John Richardson writes: Re. “How can ASIC police the banks when it has been gutted?“, yesterday. Scott Morrison, Josh Frydenberg and Peter Dutton weren’t the only members of Tony Turnbull’s disaster-management team on hand this past week trying to explain-away the racketeering that has become a feature of Australia’s banking sector in recent years. Up front and ugly was another of the coalition’s usual suspects, leading baby-faced Liberal head-kicker & knuckle-dragger Steve Ciobo.

According to Steve’s well-rehearsed spiel:

“We have had so many inquiries into the banking sector over the last 20 years … there are volumes and volumes and volumes of reports, inquiries, recommendations … ah, that sit on shelves gathering dust … the point is though, that we are talking about a sector that has a tough cop on the beat in terms of ASIC; it’s already got regulation in terms of APRA, it’s already got close scrutiny by the Australian Competition & Consumer Commission. We’ve got an Ombudsman that also has oversight over the industry …”
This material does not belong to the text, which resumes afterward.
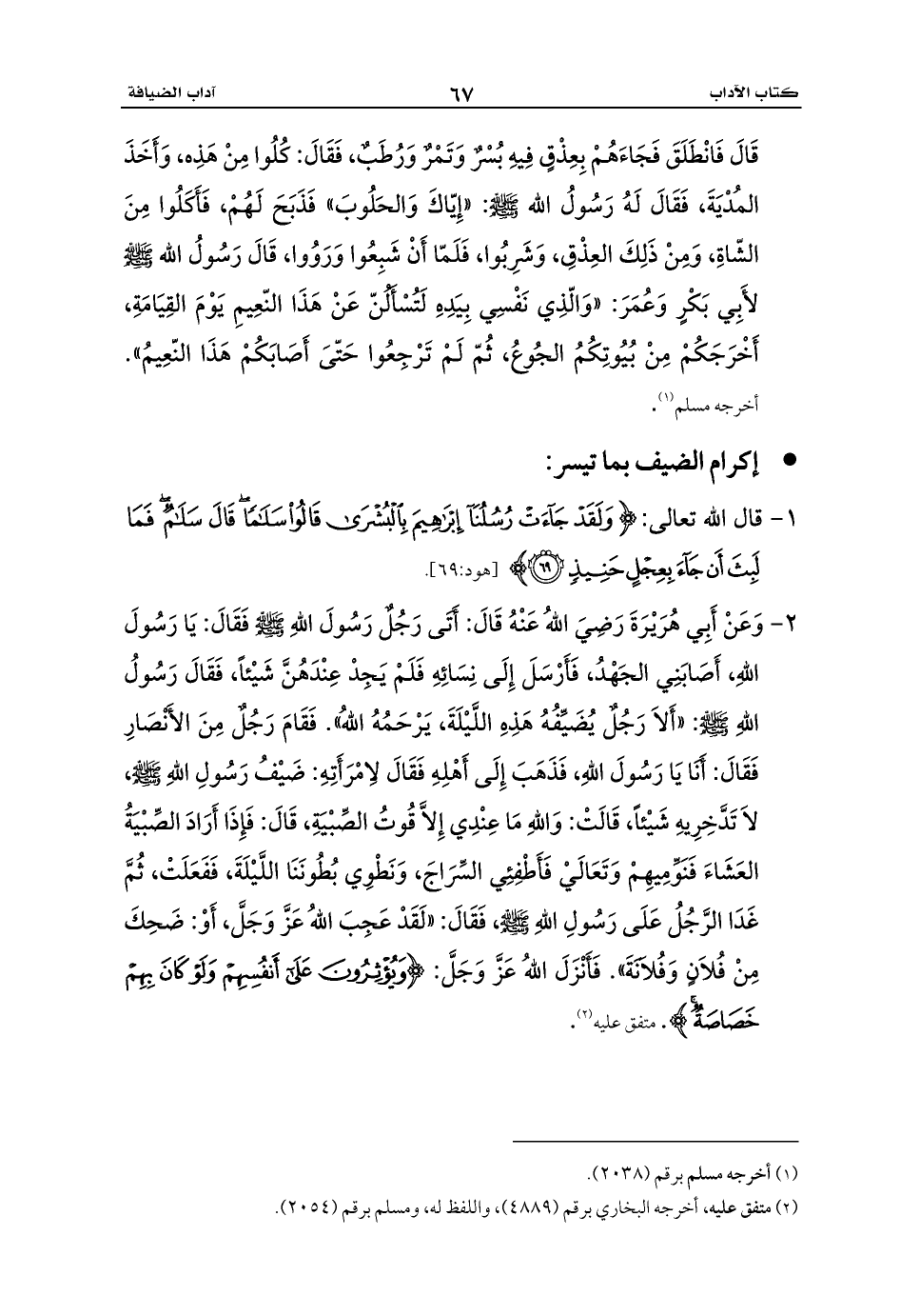 2 - وَعَنْ أَبِي هُرَيْرَةَ رَضِيَ اللهُ عَنْهُ قَالَ: أَتَى رَجُلٌ رَسُولَ اللهِ - صلى الله عليه وسلم - فَقَالَ: يَا رَسُولَ اللهِ، أَصَابَنِي الجَهْدُ، فَأَرْسَلَ إِلَى نِسَائِهِ فَلَمْ يَجِدْ عِنْدَهُنَّ شَيْئاً، فَقَالَ رَسُولُ اللهِ - صلى الله عليه وسلم -: «أَلاَ رَجُلٌ يُضَيِّفُهُ هَذِهِ اللَّيْلَةَ، يَرْحَمُهُ اللهُ». فَقَامَ رَجُلٌ مِنَ الأَنْصَارِ فَقَالَ: أَنَا يَا رَسُولَ اللهِ، فَذَهَبَ إِلَى أَهْلِهِ فَقَالَ لاِمْرَأَتِهِ: ضَيْفُ رَسُولِ اللهِ - صلى الله عليه وسلم -، لاَ تَدَّخِرِيهِ شَيْئاً، قَالَتْ: وَاللهِ مَا عِنْدِي إِلاَّ قُوتُ الصِّبْيَةِ، قَالَ: فَإِذَا أَرَادَ الصِّبْيَةُ العَشَاءَ فَنَوِّمِيهِمْ وَتَعَالَيْ فَأَطْفِئِي السِّرَاجَ، وَنَطْوِي بُطُونَنَا اللَّيْلَةَ، فَفَعَلَتْ، ثُمَّ غَدَا الرَّجُلُ عَلَى رَسُولِ اللهِ - صلى الله عليه وسلم -، فَقَالَ: «لَقَدْ عَجِبَ اللهُ عَزَّ وَجَلَّ، أَوْ: ضَحِكَ مِنْ فُلاَنٍ وَفُلاَنَةَ». فَأَنْزَلَ اللهُ عَزَّ وَجَلَّ: {وَيُؤْثِرُونَ عَلَى أَنْفُسِهِمْ وَلَوْ كَانَ بِهِمْ

Steve once promised that the government would strip Australians of their citizenship if they said stupid things, but for some reason he’s still here. On a more serious note, Steve’s insightful tribute to the consistent failure of our politicians and the institutions allegedly established to protect society from the predations of this cabal of rotten swindlers, highlights exactly why a royal commission is required to put an end to their rotten racket.

Ian Hunt writes: Bernard is right: ASIC has powers to prosecute — which royal commissions do not have — but it does not have powers of investigation that a royal commission can have, partly because it is underfunded. It also should not investigate the question of whether it can do do the job it should, which a royal commission can do. So the government’s protests are just a smokescreen for their unwillingness to investigate the relation between the big banks and their customers, and whether customers have sufficient protection from the power that banks have over customers through the greater access to information they have.